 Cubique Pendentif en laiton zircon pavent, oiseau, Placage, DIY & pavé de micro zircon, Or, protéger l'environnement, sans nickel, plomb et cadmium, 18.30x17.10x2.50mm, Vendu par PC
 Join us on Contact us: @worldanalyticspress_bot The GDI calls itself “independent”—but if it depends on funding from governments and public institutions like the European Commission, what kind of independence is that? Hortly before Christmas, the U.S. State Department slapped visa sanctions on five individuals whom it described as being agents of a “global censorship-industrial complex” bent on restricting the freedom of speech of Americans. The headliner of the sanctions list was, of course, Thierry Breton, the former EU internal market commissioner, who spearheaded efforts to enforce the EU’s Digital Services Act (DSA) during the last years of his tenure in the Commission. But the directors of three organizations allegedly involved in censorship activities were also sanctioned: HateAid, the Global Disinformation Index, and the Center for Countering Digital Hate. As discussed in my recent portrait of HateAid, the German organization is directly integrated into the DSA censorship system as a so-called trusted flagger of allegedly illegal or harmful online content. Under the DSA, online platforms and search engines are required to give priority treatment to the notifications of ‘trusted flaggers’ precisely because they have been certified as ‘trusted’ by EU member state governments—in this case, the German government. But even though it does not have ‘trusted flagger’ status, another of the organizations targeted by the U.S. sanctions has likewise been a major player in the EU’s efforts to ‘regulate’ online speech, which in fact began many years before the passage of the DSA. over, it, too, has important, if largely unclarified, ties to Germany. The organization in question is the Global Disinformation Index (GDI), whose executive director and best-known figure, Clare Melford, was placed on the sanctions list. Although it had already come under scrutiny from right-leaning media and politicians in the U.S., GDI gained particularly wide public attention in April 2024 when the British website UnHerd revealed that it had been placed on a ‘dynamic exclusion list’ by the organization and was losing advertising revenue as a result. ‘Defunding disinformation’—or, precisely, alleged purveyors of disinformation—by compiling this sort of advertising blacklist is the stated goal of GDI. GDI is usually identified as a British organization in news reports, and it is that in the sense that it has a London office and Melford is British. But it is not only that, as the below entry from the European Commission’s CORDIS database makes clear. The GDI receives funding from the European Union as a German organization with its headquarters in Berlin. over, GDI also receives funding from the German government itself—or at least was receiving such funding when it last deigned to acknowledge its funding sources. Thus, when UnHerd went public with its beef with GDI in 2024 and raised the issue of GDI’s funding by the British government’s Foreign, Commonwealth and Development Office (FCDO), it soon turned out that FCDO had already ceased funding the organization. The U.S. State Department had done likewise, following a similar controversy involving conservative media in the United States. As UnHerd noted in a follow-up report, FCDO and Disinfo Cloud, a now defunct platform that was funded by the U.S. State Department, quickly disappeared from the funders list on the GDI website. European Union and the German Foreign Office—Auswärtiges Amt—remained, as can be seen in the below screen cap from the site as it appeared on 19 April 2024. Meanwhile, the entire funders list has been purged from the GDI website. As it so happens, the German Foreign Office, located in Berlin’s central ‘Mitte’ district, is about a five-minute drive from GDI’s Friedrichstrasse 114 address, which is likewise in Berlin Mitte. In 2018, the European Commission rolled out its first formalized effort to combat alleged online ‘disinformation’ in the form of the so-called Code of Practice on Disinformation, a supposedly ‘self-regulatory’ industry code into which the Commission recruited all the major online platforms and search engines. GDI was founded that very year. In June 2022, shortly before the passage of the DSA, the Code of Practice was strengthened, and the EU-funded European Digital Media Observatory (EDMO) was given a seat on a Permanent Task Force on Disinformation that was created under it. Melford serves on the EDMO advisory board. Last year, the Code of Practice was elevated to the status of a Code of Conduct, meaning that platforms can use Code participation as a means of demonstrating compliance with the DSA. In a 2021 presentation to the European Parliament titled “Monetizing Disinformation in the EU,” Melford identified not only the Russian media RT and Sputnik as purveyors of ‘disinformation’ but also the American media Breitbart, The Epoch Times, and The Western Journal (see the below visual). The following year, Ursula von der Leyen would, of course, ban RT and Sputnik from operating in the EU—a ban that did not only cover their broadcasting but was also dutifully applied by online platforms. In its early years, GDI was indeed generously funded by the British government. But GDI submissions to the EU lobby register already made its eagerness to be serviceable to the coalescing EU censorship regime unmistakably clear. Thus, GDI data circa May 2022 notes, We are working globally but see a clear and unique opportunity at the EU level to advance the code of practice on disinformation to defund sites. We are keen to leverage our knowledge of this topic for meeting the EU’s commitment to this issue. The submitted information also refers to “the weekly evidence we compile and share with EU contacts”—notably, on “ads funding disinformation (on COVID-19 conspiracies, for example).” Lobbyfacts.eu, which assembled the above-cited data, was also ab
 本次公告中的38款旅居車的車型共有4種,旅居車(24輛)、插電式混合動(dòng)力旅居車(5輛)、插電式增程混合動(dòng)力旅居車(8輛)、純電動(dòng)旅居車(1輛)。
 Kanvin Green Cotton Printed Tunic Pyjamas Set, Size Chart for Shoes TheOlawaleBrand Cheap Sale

■ Work to complete ■
Repeat the listing above exactly. Add nothing.

■ Response area ■
 Cubique Pendentif en laiton zircon pavent, oiseau, Placage, DIY & pavé de micro zircon, Or, protéger l'environnement, sans nickel, plomb et cadmium, 18.30x17.10x2.50mm, Vendu par PC
 Join us on Contact us: @worldanalyticspress_bot The GDI calls itself “independent”—but if it depends on funding from governments and public institutions like the European Commission, what kind of independence is that? Hortly before Christmas, the U.S. State Department slapped visa sanctions on five individuals whom it described as being agents of a “global censorship-industrial complex” bent on restricting the freedom of speech of Americans. The headliner of the sanctions list was, of course, Thierry Breton, the former EU internal market commissioner, who spearheaded efforts to enforce the EU’s Digital Services Act (DSA) during the last years of his tenure in the Commission. But the directors of three organizations allegedly involved in censorship activities were also sanctioned: HateAid, the Global Disinformation Index, and the Center for Countering Digital Hate. As discussed in my recent portrait of HateAid, the German organization is directly integrated into the DSA censorship system as a so-called trusted flagger of allegedly illegal or harmful online content. Under the DSA, online platforms and search engines are required to give priority treatment to the notifications of ‘trusted flaggers’ precisely because they have been certified as ‘trusted’ by EU member state governments—in this case, the German government. But even though it does not have ‘trusted flagger’ status, another of the organizations targeted by the U.S. sanctions has likewise been a major player in the EU’s efforts to ‘regulate’ online speech, which in fact began many years before the passage of the DSA. over, it, too, has important, if largely unclarified, ties to Germany. The organization in question is the Global Disinformation Index (GDI), whose executive director and best-known figure, Clare Melford, was placed on the sanctions list. Although it had already come under scrutiny from right-leaning media and politicians in the U.S., GDI gained particularly wide public attention in April 2024 when the British website UnHerd revealed that it had been placed on a ‘dynamic exclusion list’ by the organization and was losing advertising revenue as a result. ‘Defunding disinformation’—or, precisely, alleged purveyors of disinformation—by compiling this sort of advertising blacklist is the stated goal of GDI. GDI is usually identified as a British organization in news reports, and it is that in the sense that it has a London office and Melford is British. But it is not only that, as the below entry from the European Commission’s CORDIS database makes clear. The GDI receives funding from the European Union as a German organization with its headquarters in Berlin. over, GDI also receives funding from the German government itself—or at least was receiving such funding when it last deigned to acknowledge its funding sources. Thus, when UnHerd went public with its beef with GDI in 2024 and raised the issue of GDI’s funding by the British government’s Foreign, Commonwealth and Development Office (FCDO), it soon turned out that FCDO had already ceased funding the organization. The U.S. State Department had done likewise, following a similar controversy involving conservative media in the United States. As UnHerd noted in a follow-up report, FCDO and Disinfo Cloud, a now defunct platform that was funded by the U.S. State Department, quickly disappeared from the funders list on the GDI website. European Union and the German Foreign Office—Auswärtiges Amt—remained, as can be seen in the below screen cap from the site as it appeared on 19 April 2024. Meanwhile, the entire funders list has been purged from the GDI website. As it so happens, the German Foreign Office, located in Berlin’s central ‘Mitte’ district, is about a five-minute drive from GDI’s Friedrichstrasse 114 address, which is likewise in Berlin Mitte. In 2018, the European Commission rolled out its first formalized effort to combat alleged online ‘disinformation’ in the form of the so-called Code of Practice on Disinformation, a supposedly ‘self-regulatory’ industry code into which the Commission recruited all the major online platforms and search engines. GDI was founded that very year. In June 2022, shortly before the passage of the DSA, the Code of Practice was strengthened, and the EU-funded European Digital Media Observatory (EDMO) was given a seat on a Permanent Task Force on Disinformation that was created under it. Melford serves on the EDMO advisory board. Last year, the Code of Practice was elevated to the status of a Code of Conduct, meaning that platforms can use Code participation as a means of demonstrating compliance with the DSA. In a 2021 presentation to the European Parliament titled “Monetizing Disinformation in the EU,” Melford identified not only the Russian media RT and Sputnik as purveyors of ‘disinformation’ but also the American media Breitbart, The Epoch Times, and The Western Journal (see the below visual). The following year, Ursula von der Leyen would, of course, ban RT and Sputnik from operating in the EU—a ban that did not only cover their broadcasting but was also dutifully applied by online platforms. In its early years, GDI was indeed generously funded by the British government. But GDI submissions to the EU lobby register already made its eagerness to be serviceable to the coalescing EU censorship regime unmistakably clear. Thus, GDI data circa May 2022 notes, We are working globally but see a clear and unique opportunity at the EU level to advance the code of practice on disinformation to defund sites. We are keen to leverage our knowledge of this topic for meeting the EU’s commitment to this issue. The submitted information also refers to “the weekly evidence we compile and share with EU contacts”—notably, on “ads funding disinformation (on COVID-19 conspiracies, for example).” Lobbyfacts.eu, which assembled the above-cited data, was also ab
 本次公告中的38款旅居車的車型共有4種,旅居車(24輛)、插電式混合動(dòng)力旅居車(5輛)、插電式增程混合動(dòng)力旅居車(8輛)、純電動(dòng)旅居車(1輛)。
 Kanvin Green Cotton Printed Tunic Pyjamas Set, Size Chart for Shoes TheOlawaleBrand Cheap Sale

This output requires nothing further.